Tuesday, August 27, 2013

"FRISCO" - A Name to Hate? REALLY?


Looking toward the Orchard Hotel in San Francisco - where we stayed last September while I received my prostate cancer treatment at the UCSF Helen Diller Cancer Center . The Powell Ave. cable car is in view.  Needless to say, I fell in love with the city!

According to a piece in the San Francisco Chronicle online the other day, a woman phoned the paper in a literal rage after visiting a museum in the city and finding a work of art partially tagged with the hideous word "Frisco". She fulminated at length expressing how such a travesty could occur and in a place of culture. Have people no shame?

This reminded me of when I first inadvertently used the word "Frisco" in Fairbanks, AK soon after I arrived to take up a research assistantship in the fall of 1985. A Ph.D. plasma physics classmate named Jeff Collier heard it, and went ballistic.

"FRISCO? The name is NOT 'FRISCO'! It is San Francisco! Please, PUH-leeze, never use the word 'Frisco' again for San Francisco! It is gauche and cruel to us who are natives!"

Whoa! Seriously?  Brother, you need to take a valium! It's just a name!

But is it just a name? Not to old line San Franciscans who detest 'Frisco' with a passion. Which elicits the question of why there's such an emotional response to a name. According to the Chronicle piece, the trouble began in the old days when the city was a major port and all manner of louts ("shrimpers, crimpers, criminals and sailors" ) and low- class people infested the area - getting drunk, starting fights and displaying all around bad behavior. Most of the louts were recognizable by an emblematic pair of crusty pants called "Friskos". 

Somehow the name caught on, and the next thing you knew, authors like William Saroyan were adopting it in their novels, and Woody Guthrie was using it in songs. Then it spread to other songs and poems etc. Before you knew it, to the more staid San Franciscans' horror, it had become entrenched - like a parasitic worm. The Chronicle noted that the main culprits for using it continue to be tourists who apparently have no idea how it offends.

While we were in the city last year, I made the mistake of using the term off-handedly (essentially under automatic pilot) at a restaurant called 'Scala's" on Powell Avenue and wifey promptly corrected me before the waitress appeared:

"You can't use that word here! It's not 'Frisco'! People here don't like it!"

You'd think I had used a four letter epithet.

"Why not? What's wrong with it? Why don't they like it?"

"I don't know!  Please don't say it when we go to the cancer treatment center!"

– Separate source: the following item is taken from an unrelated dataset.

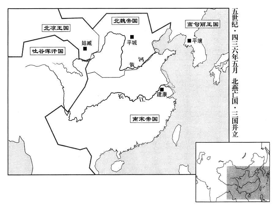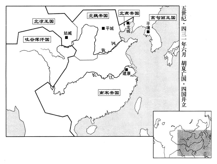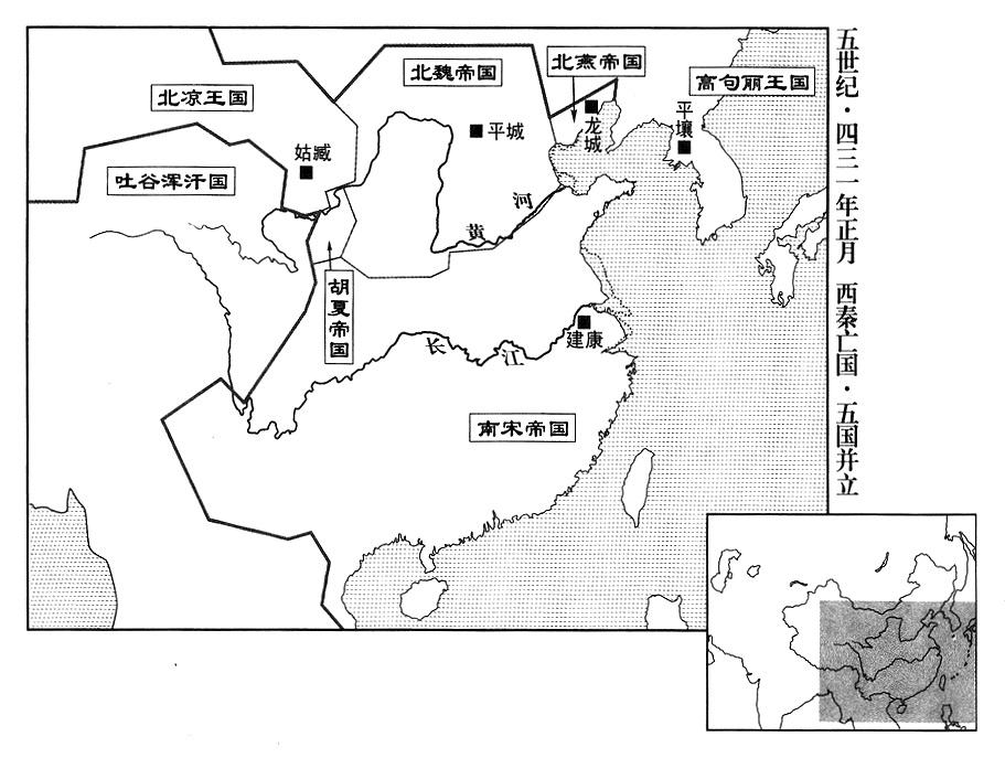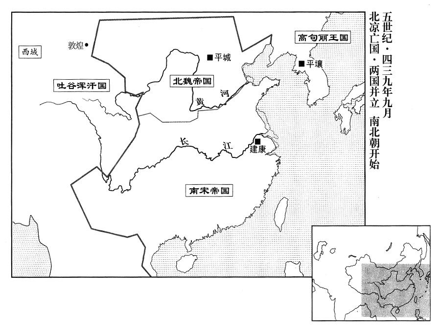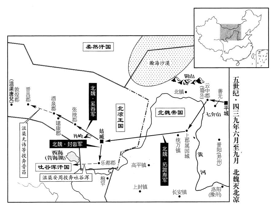 9、北魏帝拓跋焘自云中郡(故都盛乐·内蒙古和林格尔县)渡过黄河。

Of course, by then I'd totally forgotten about it and 'Frisco' was the least thing on my mind as I was being admitted then taken for anesthesia and implant surgery.

The Chronicle noted, however, that the word is now in such widespread use that the old line tribe of SF has just about given up on their crusade. Especially as the paper notes a new culprit has arrived to take its place: "SAN FRAN".  Now, it turns out, almost as many San Franciscans detest "San Fran" (again mostly used by the tourist hoi polloi) as "Frisco".

Look, whether "Frisco", "San Fran" or San Francisco, the city is a delightful place ("a rose by any other name" etc.)  And after my treatment, I couldn't wait to sight see! Pier 31, Golden Gate bridge, Chinatown, the Redwoods. No American should omit it from his or her "bucket list". Just don't use the term "Frisco" (or "San Fran") when you're there!